**Problem details**.
Please repeat only the lines below starting at the line that holds "The task of" and ending at the line that holds "Ernst duftlys i", exactly, with both of those lines included and every picture omitted.

**Data to process**.
---

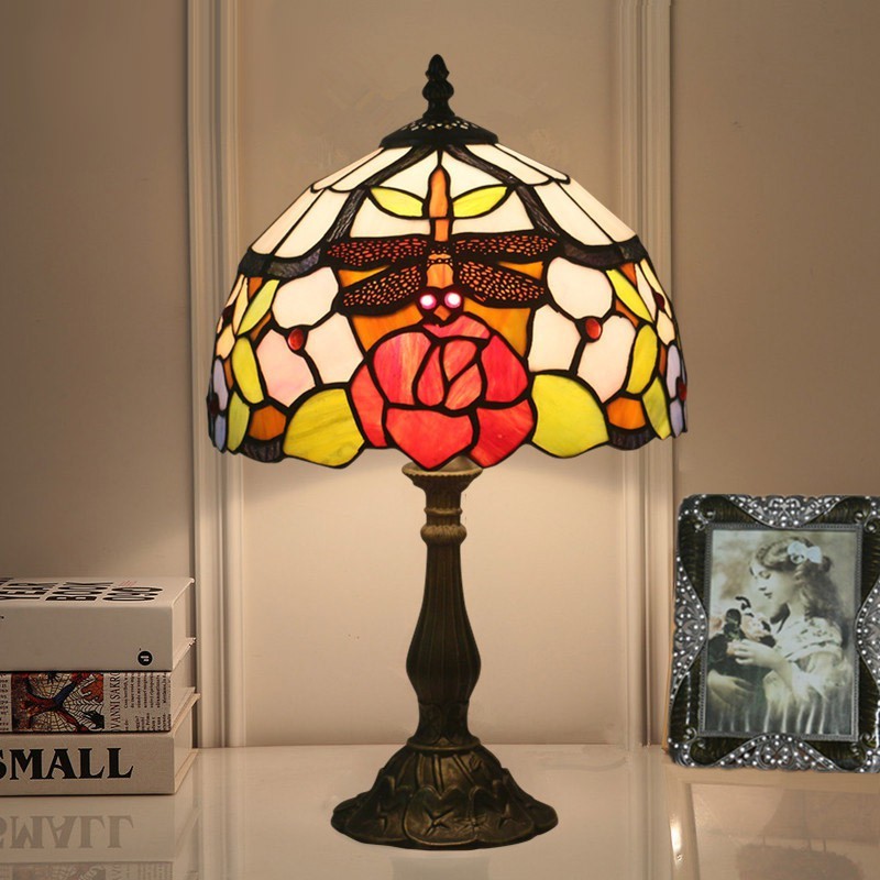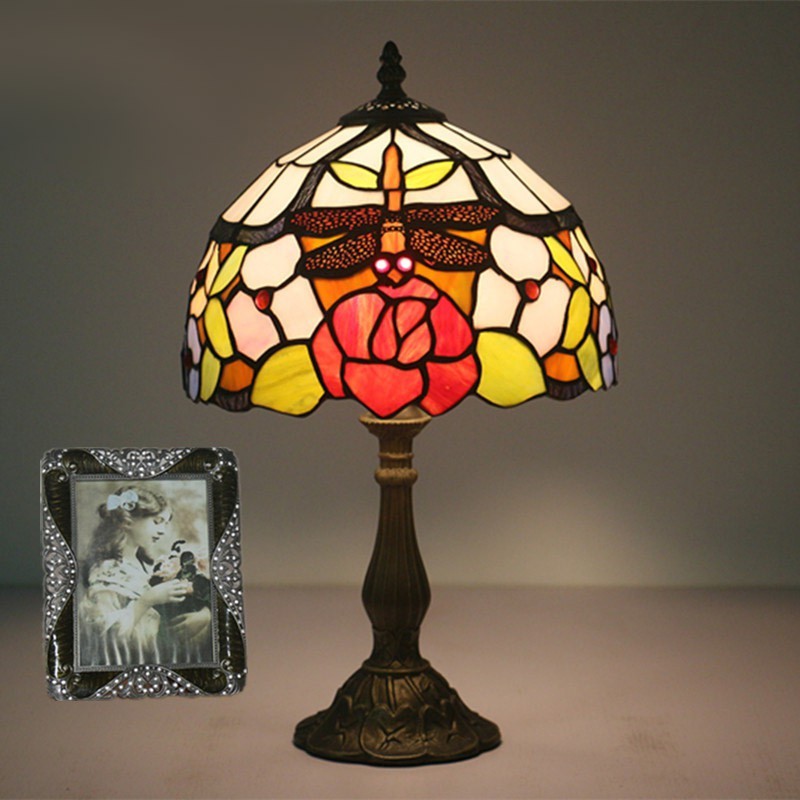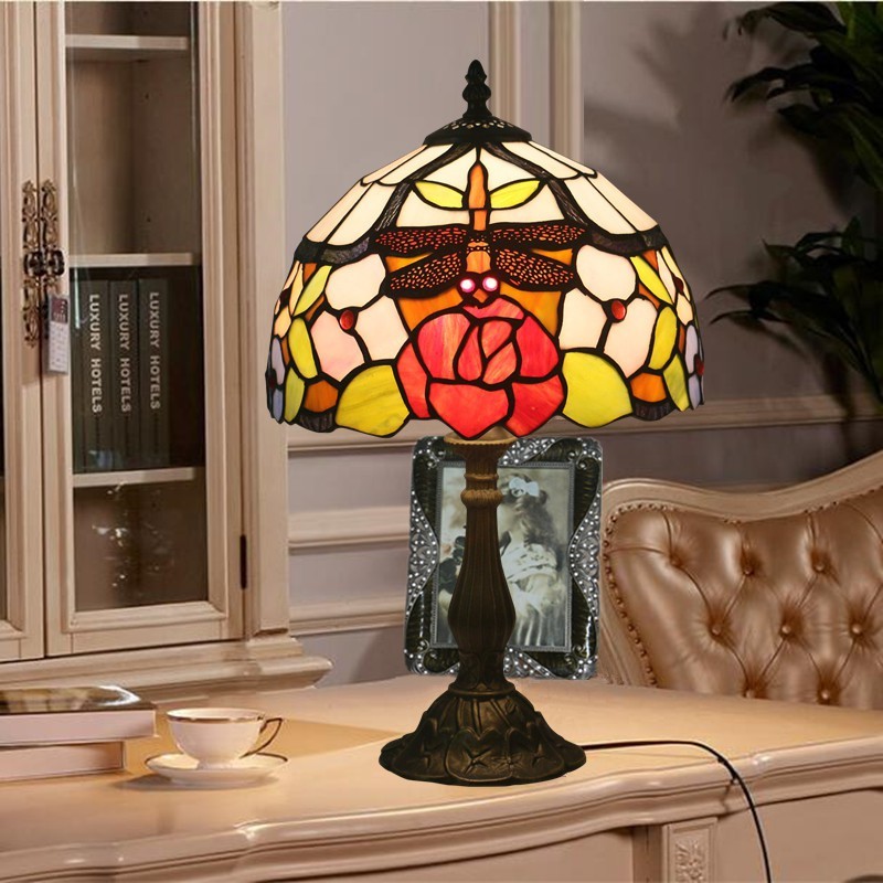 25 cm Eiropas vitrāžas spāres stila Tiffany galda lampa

---

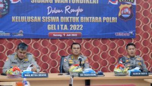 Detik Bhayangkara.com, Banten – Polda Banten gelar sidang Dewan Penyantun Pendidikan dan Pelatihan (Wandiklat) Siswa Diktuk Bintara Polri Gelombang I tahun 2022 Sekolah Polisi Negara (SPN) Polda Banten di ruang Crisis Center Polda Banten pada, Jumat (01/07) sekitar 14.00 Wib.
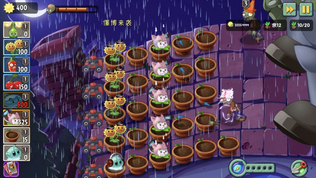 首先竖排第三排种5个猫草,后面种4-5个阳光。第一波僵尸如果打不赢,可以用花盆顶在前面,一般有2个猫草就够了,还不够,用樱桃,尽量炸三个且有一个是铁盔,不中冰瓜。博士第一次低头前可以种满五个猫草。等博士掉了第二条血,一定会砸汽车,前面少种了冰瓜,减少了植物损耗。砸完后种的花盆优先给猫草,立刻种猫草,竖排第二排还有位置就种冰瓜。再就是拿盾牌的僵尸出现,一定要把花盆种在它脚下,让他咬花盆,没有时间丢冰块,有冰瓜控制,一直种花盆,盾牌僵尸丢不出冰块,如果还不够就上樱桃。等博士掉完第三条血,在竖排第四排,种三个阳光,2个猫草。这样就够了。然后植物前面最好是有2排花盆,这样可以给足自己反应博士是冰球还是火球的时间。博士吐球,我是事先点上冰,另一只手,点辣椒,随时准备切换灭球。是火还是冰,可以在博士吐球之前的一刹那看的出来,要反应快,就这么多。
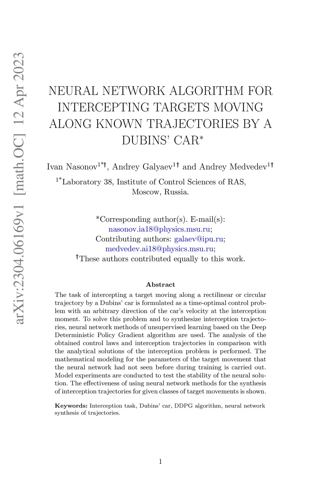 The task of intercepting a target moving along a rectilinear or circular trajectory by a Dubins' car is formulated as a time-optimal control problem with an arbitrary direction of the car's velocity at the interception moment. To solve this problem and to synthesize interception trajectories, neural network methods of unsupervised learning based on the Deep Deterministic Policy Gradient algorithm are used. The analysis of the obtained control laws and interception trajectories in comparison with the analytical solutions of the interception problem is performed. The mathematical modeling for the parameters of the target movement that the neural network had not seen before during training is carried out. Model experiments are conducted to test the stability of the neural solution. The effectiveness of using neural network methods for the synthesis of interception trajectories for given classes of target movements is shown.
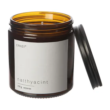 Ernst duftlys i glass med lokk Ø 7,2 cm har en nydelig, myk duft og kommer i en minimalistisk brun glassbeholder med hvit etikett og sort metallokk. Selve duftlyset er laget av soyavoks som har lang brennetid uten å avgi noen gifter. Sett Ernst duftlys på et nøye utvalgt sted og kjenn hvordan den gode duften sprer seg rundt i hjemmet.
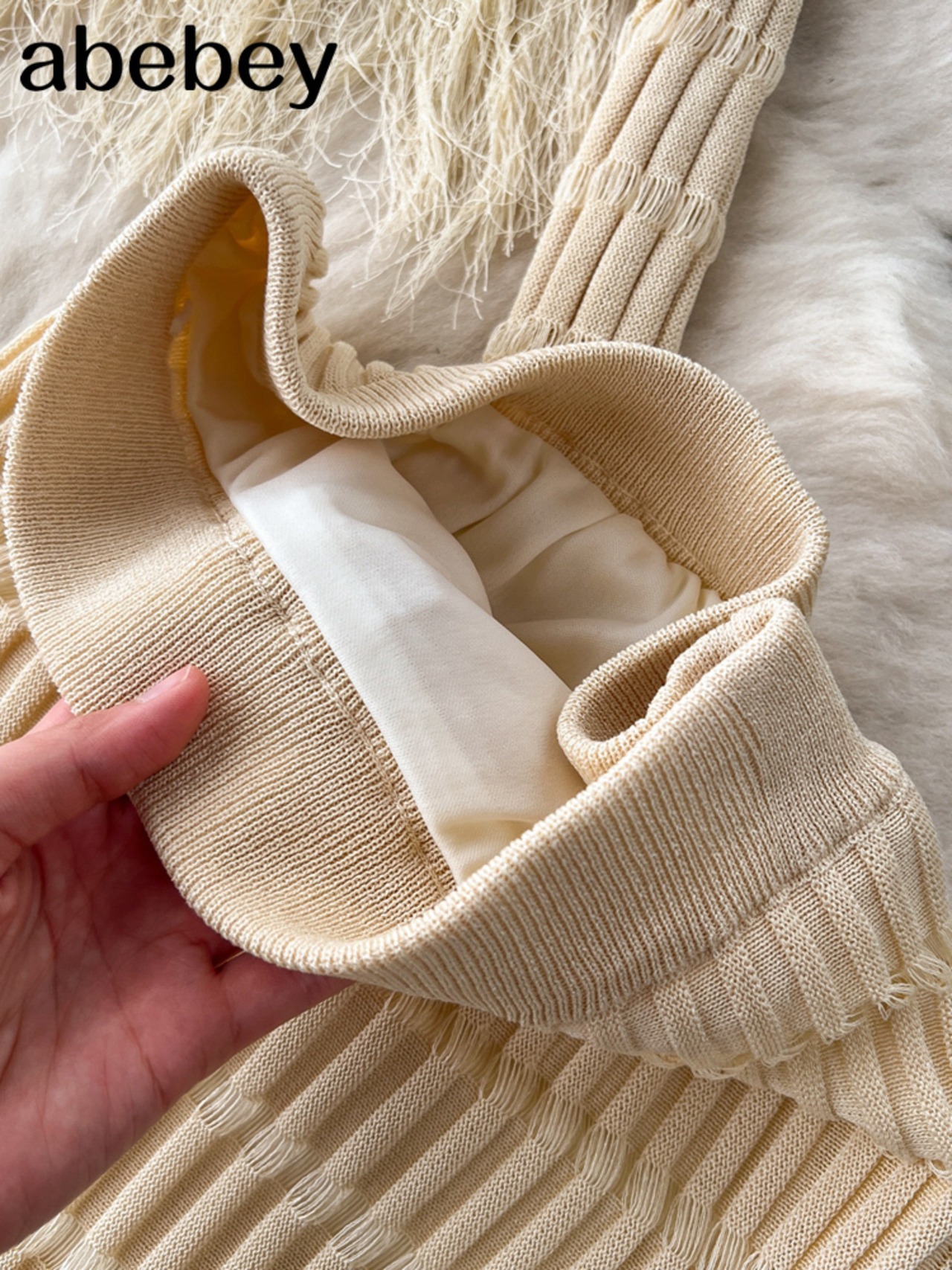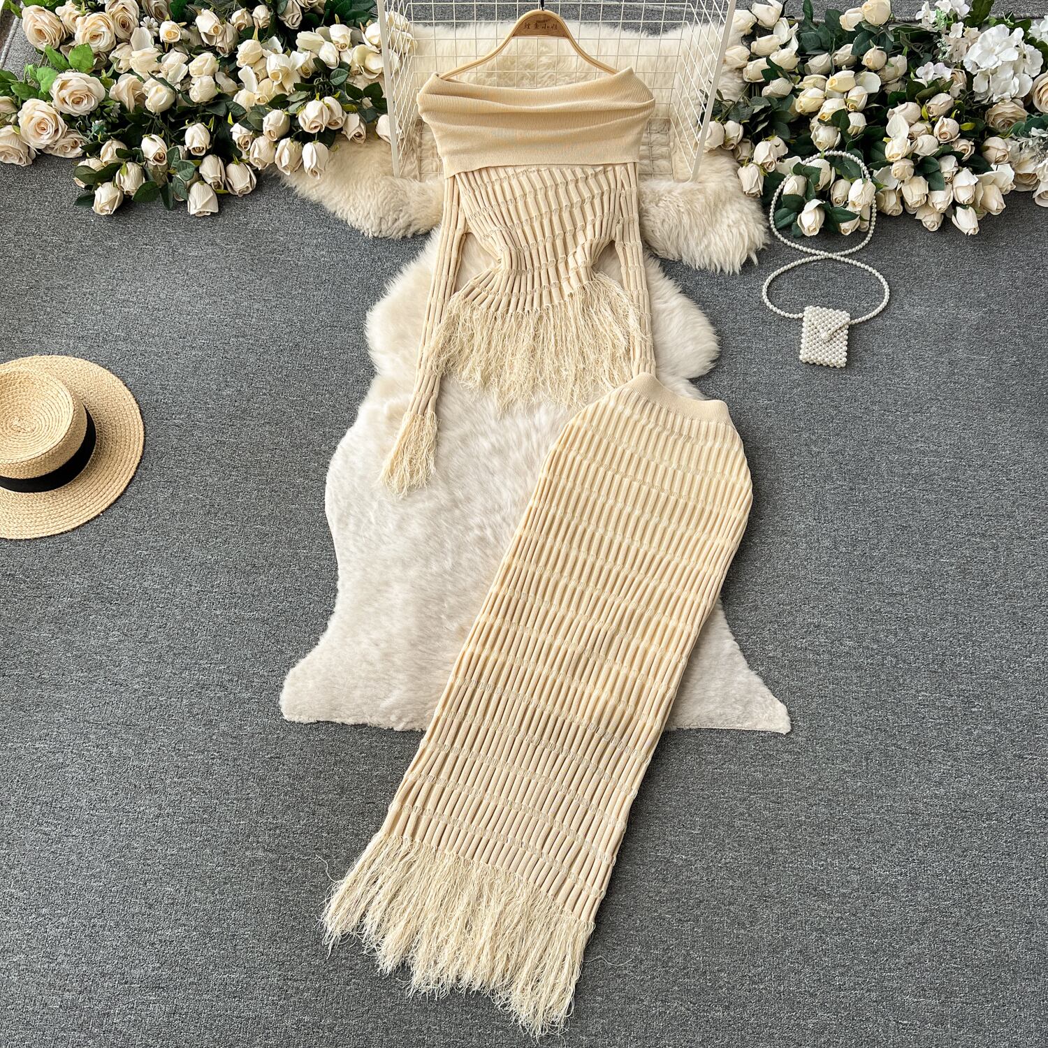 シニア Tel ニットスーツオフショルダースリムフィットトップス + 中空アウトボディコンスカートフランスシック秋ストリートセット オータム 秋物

---

**Written answer**.
 The task of intercepting a target moving along a rectilinear or circular trajectory by a Dubins' car is formulated as a time-optimal control problem with an arbitrary direction of the car's velocity at the interception moment. To solve this problem and to synthesize interception trajectories, neural network methods of unsupervised learning based on the Deep Deterministic Policy Gradient algorithm are used. The analysis of the obtained control laws and interception trajectories in comparison with the analytical solutions of the interception problem is performed. The mathematical modeling for the parameters of the target movement that the neural network had not seen before during training is carried out. Model experiments are conducted to test the stability of the neural solution. The effectiveness of using neural network methods for the synthesis of interception trajectories for given classes of target movements is shown.
 Ernst duftlys i glass med lokk Ø 7,2 cm har en nydelig, myk duft og kommer i en minimalistisk brun glassbeholder med hvit etikett og sort metallokk. Selve duftlyset er laget av soyavoks som har lang brennetid uten å avgi noen gifter. Sett Ernst duftlys på et nøye utvalgt sted og kjenn hvordan den gode duften sprer seg rundt i hjemmet.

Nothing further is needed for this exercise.